Su vida como actor prosperaba: “Cuando actué en Hello Out There, de William Saroyan, hacíamos dieciséis representaciones a la semana en el Caffe Cino de Cornelia Street, y luego pasábamos la gorra al público escaso que había, con la esperanza de conseguir unos dólares para comer. Era nuestro París de principios del siglo XIX, nuestro Berlín de los años veinte. Ese era el espíritu de la escena”, describe Pacino.

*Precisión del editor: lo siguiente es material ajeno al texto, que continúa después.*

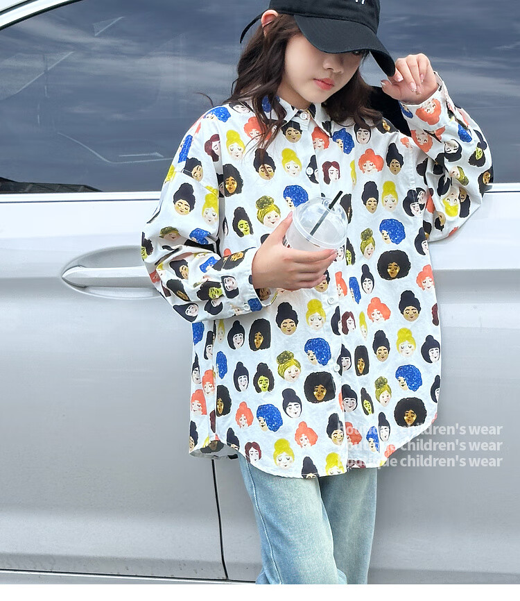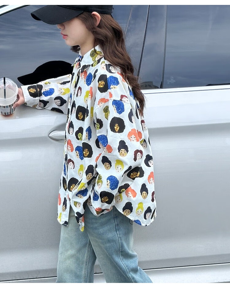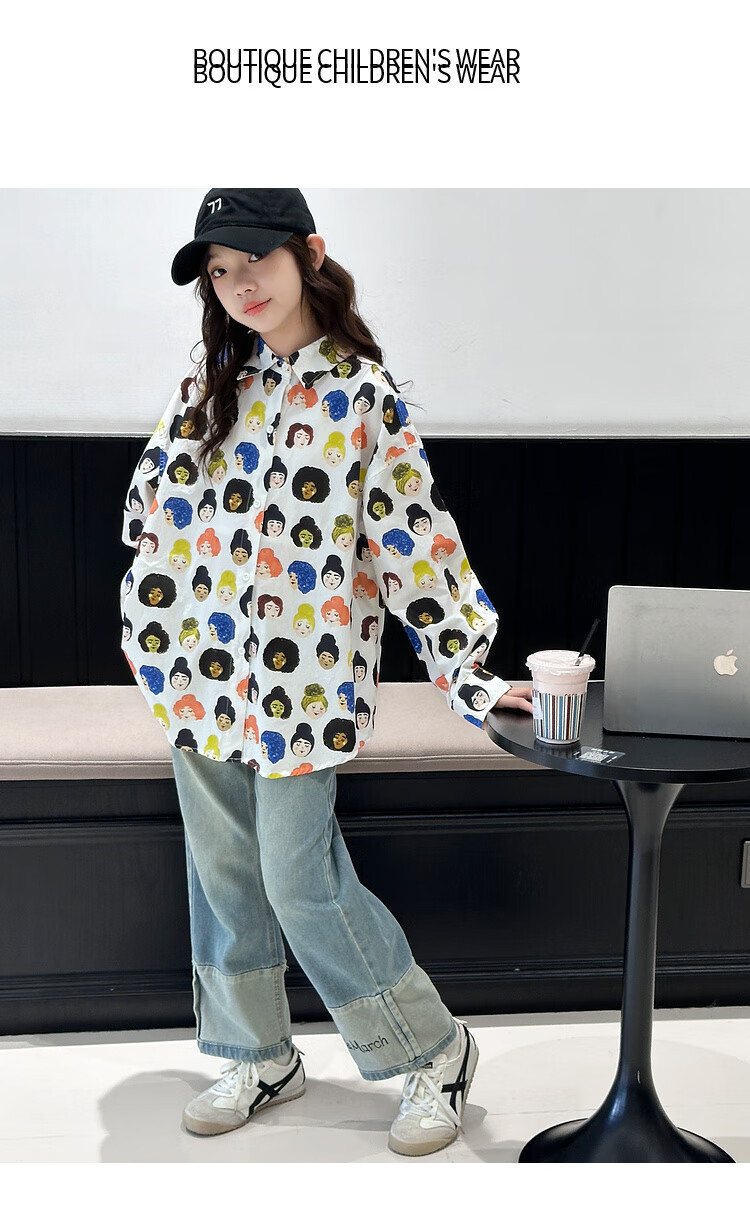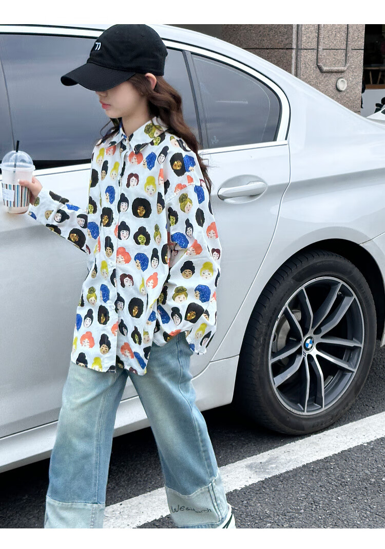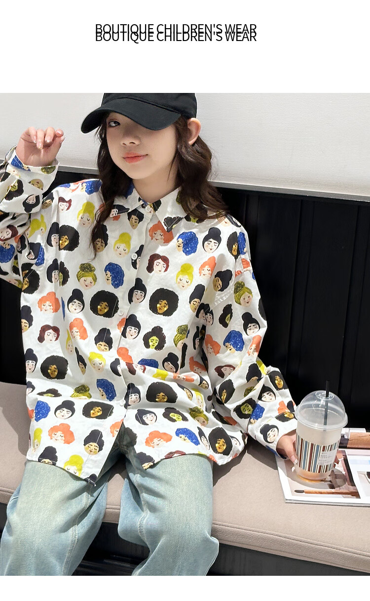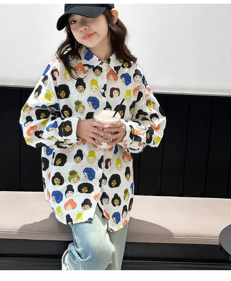 BJT Girls' Shirts Spring and Autumn Clothing Children's Style Long-Sleeved Tops 2025 New Girls Autumn Full Print Clothes Trendy White 160 cm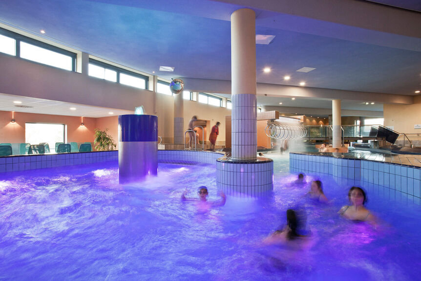 Das Projekt war durchaus ehrgeizig, denn es galt eine Fläche von 350 m2 zu überdachen. Als Lösung wurde eine geneigte Stahlfelge konzipiert und mit vierlagigen ETFE-Folien überspannt. Ein in dieser Form in Europa einzigartiger Ansatz, der jedoch in seiner Wirkung voll zum Tragen kommt. Neben dieser Erweiterung wurde auch das bestehende Erlebnisbecken auf den Prüfstand gestellt und mit einem neuartigen Wave-Tower zum neuen Publikumsliebling entwickelt. Der Wave-Tower erzeugt in regelmäßigem Abstand Wellen, die zum nassen Vergnügen einladen.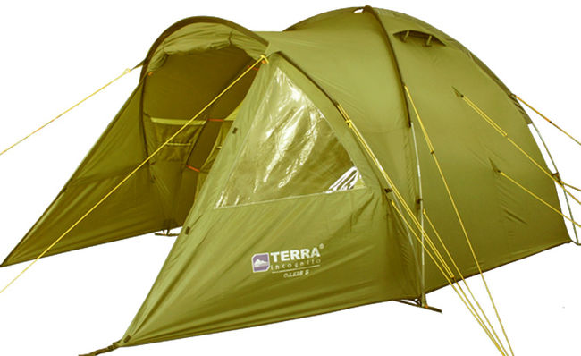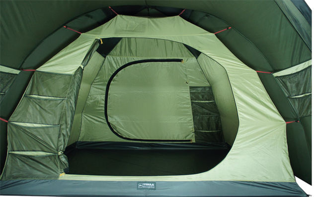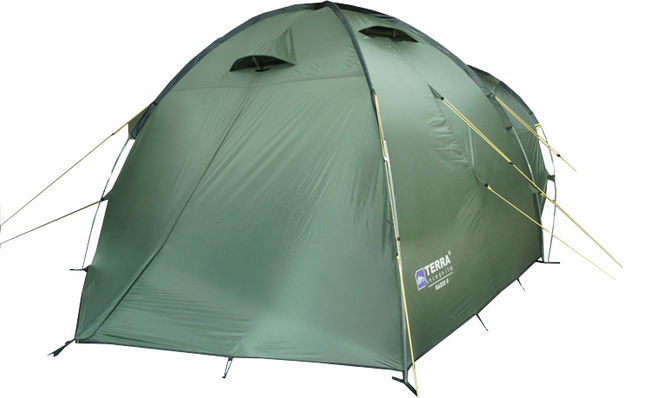 Terra Incognita Oazis 5 - Висококласний сімейний п'ятимісний намет для тривалого відпочинку, трисезонного призначення. Просторий і високий тамбур ідеально підходить для розміщення багажу чи організації кемпінгової кухні. Конструкція дозволяє використовувати тент без спального приміщення.Два входи дають можливість прямого доступу в спальню і забезпечують ідеальну вентиляцію.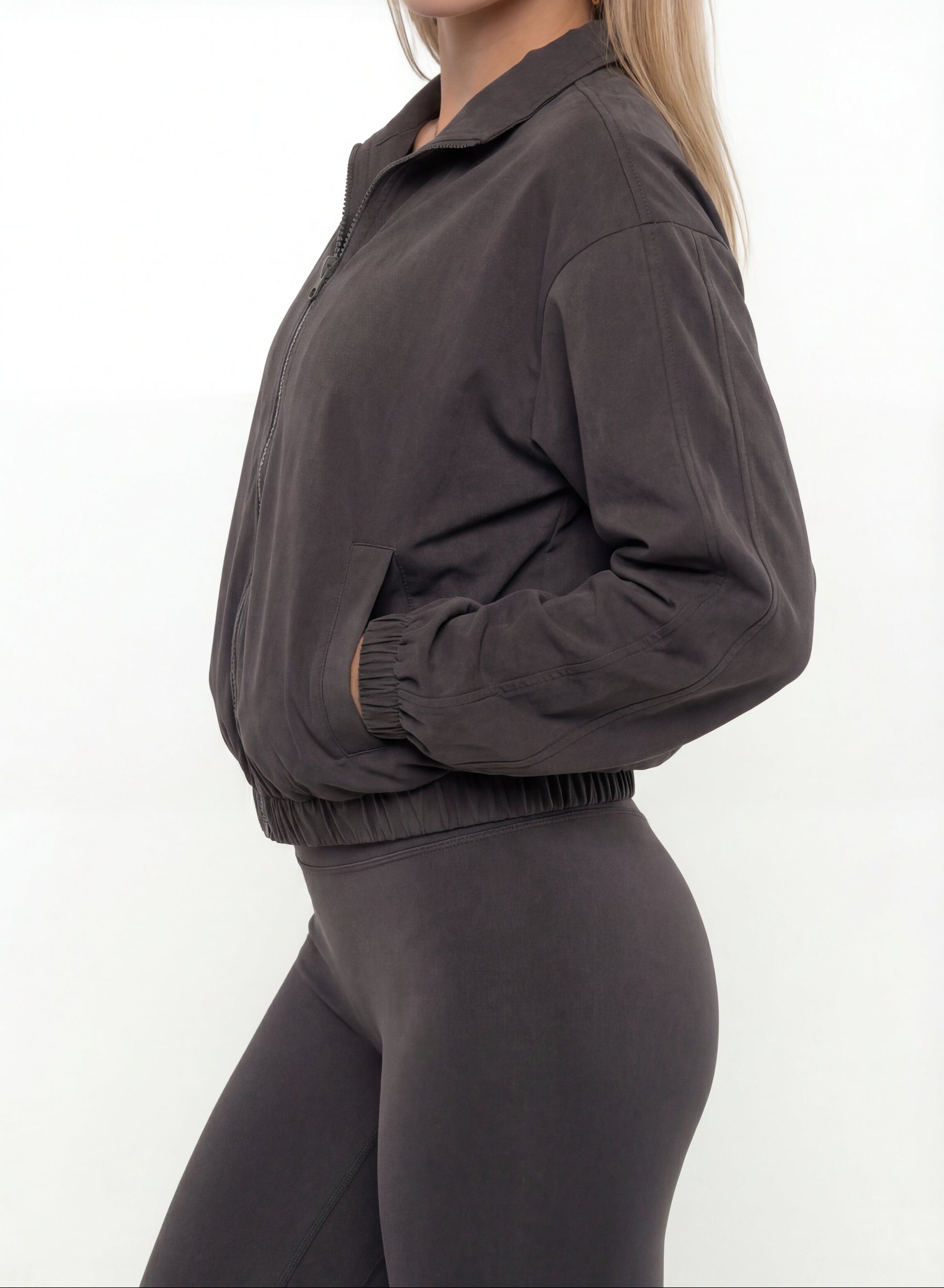 Chaqueta deportiva femenina de corte relajado y estilo urbano, diseñada para ofrecer y comodidad en tu día a día. Incorpora cierre frontal con cremallera, cuello amplio y puños y cintura elástica que aportan un ajuste favorecedor y funcional. Su tejido ligero y suave permite libertad de movimiento, ideal tanto para entrenar como para completar un look casual y actual. Perfecta para combinar con leggings, joggers o jeans.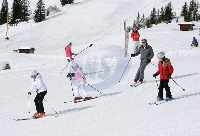 Krol Holandii Wilhelm Aleksander z rodzina na nartach w Austrii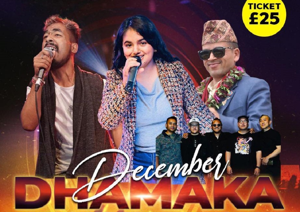 काठमाडौं, २०८० मंसिर ११ सोमवार । नेपाल आइडल सिजन २ बाट सर्वाधिक चर्चामा आए गायक पवन गिरी र नेपाल आइडल सिजन ३ की बिजेता, गायिका सज्जा चौलागाईंले बेलायतमा प्रस्तुतिमा दिने भएका छन् । आगामी डिसेम्बर ९ तारिख शनिबार साँझ एम्पायर ब्यान्केटिङ अल्डरसटमा ‘डिसेम्बर धमाका’ हुने भएको हो ।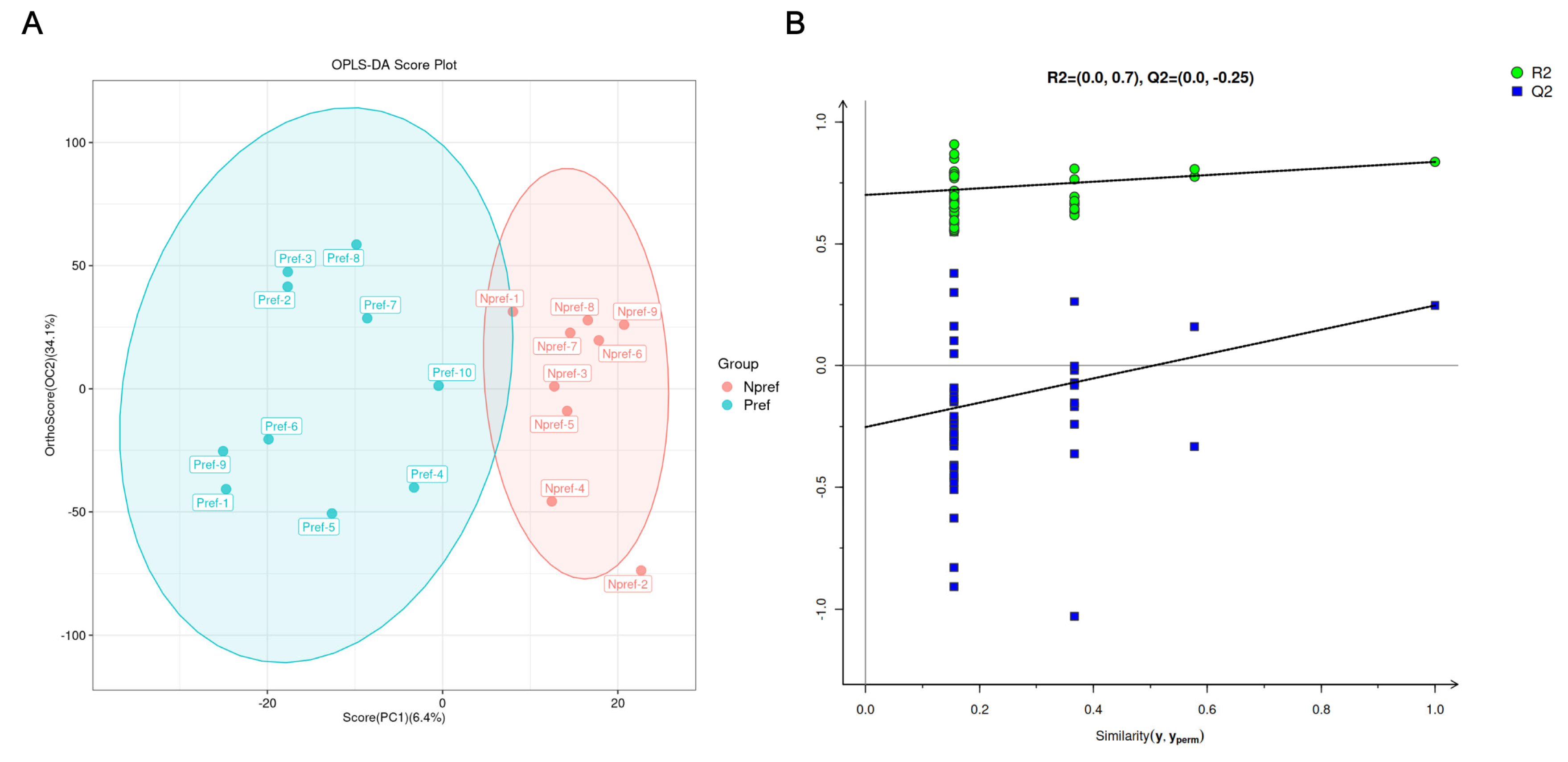 3.3. Differential Metabolites Screening Between the Pref and Npref Group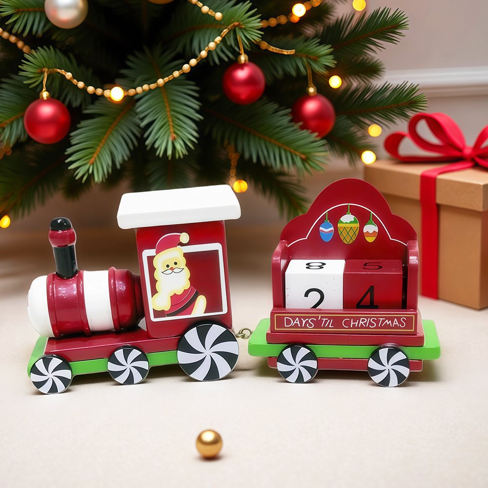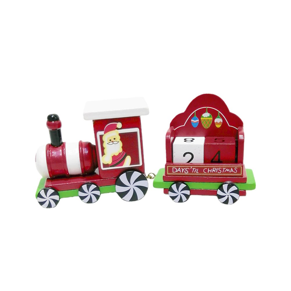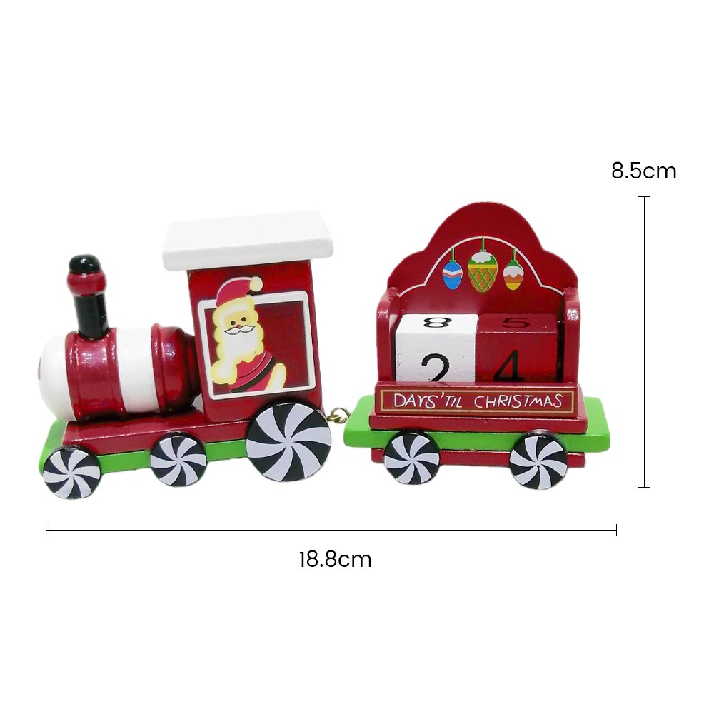 Count down the days until Christmas in festive style with this Wooden Christmas Countdown Train! Designed in classic red, green, and white holiday colors, this charming piece features Santa Claus in the locomotive pulling a cart with removable countdown blocks. The cheerful candy-inspired wheels and hand-painted ornaments add a touch of whimsy, making it a perfect decoration for your mantel, tabletop, or office desk.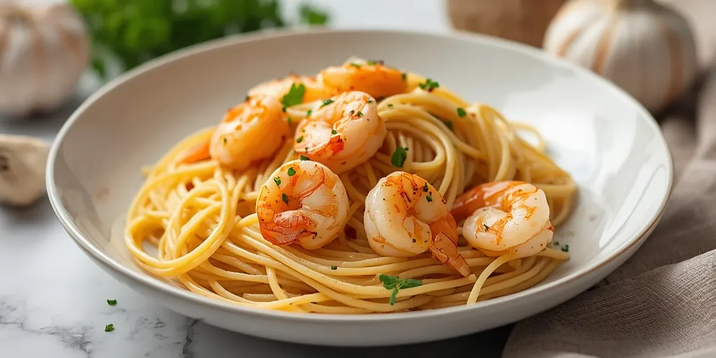 A quick and easy garlic shrimp pasta perfect for busy weeknights. This delicious Italian-inspired dish combines succulent shrimp with a rich garlic butter sauce, tossed with spaghetti.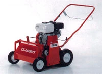 Versatile, compact 20-inch turf dethatcher with folding handle for easy transportation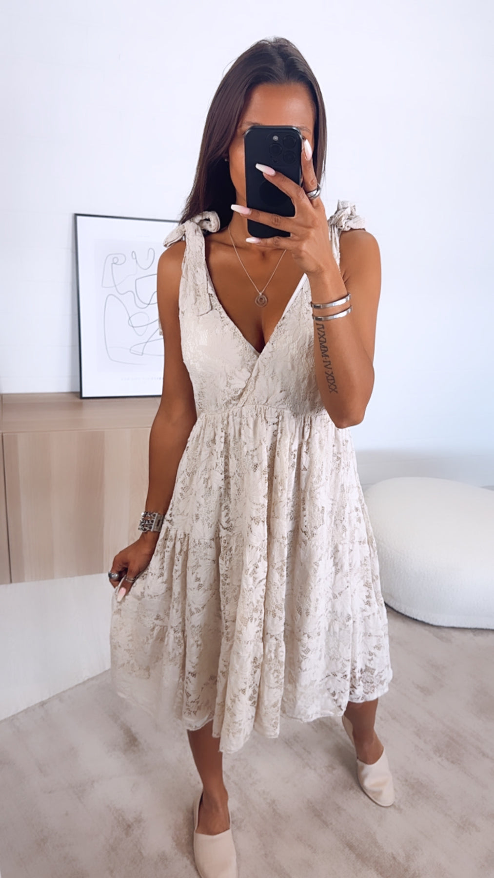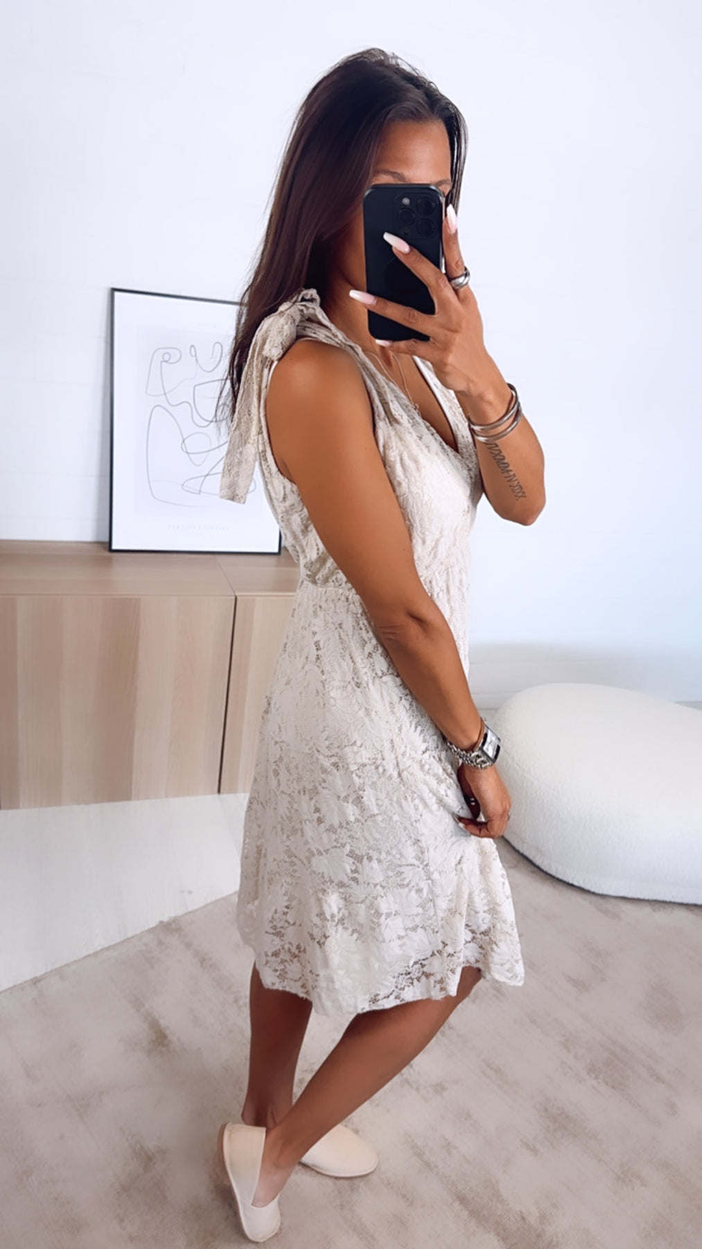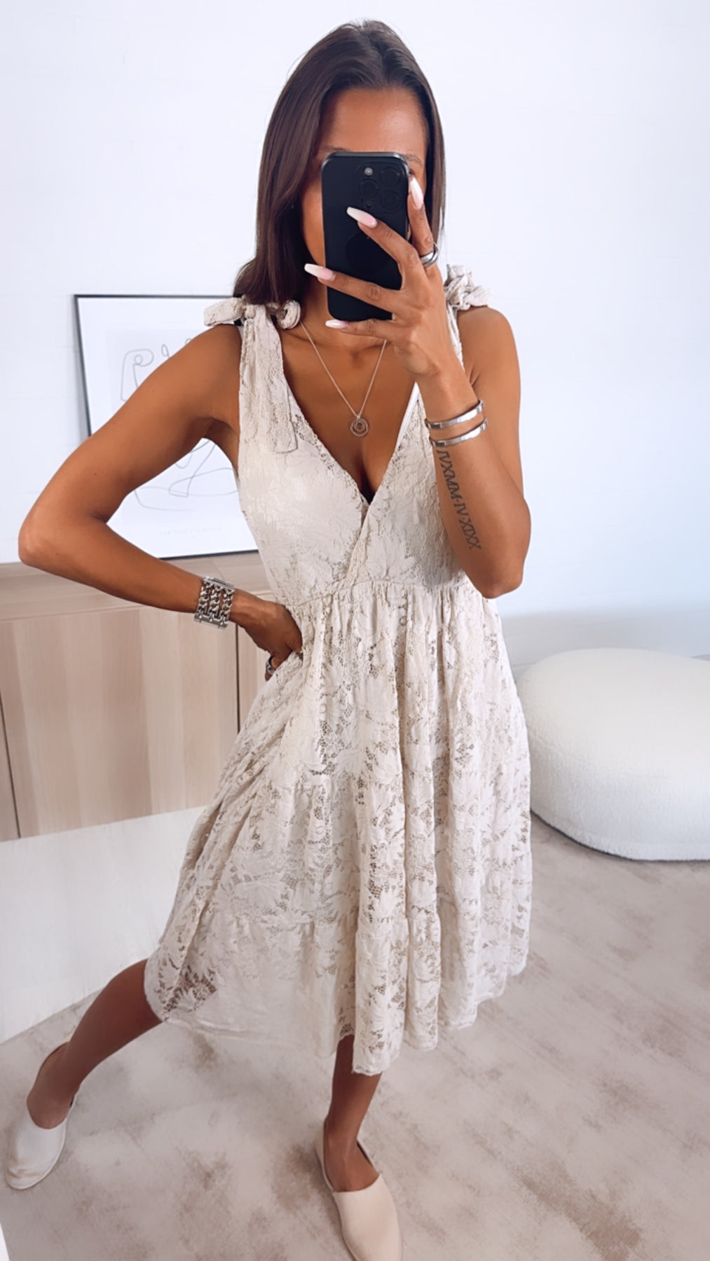 kurzes Kleid in Spitzen Optik / beige Art. 6404

Sin embargo, el peso de la muerte de su madre se le hizo insoportable. Un duelo como una herida abierta, que se negaba a cicatrizar. Lo echaron de su puesto de acomodador en el Teatro Rivoli, en Times Square. Cuando terminaba de repartir ejemplares de la publicación Show Business, iba directo a un bar.
Una noche, entre borracho y desolado, llamó a su abuelo desde un teléfono público y se echó a llorar, copiosamente, como una compulsión imparable. Su abuelo, llorando a su vez, le insistía: " Ven a vivir con nosotros”. Pero Pacino terminó por decirle que no. “Algo me impulsaba”, cierra el anticipo de sus memorias en The New Yorker. “Tenía que lograrlo, porque era la única forma de sobrevivir en este mundo”. Y pronto —con The Panic in Needle Park— comenzaría a hacerlo.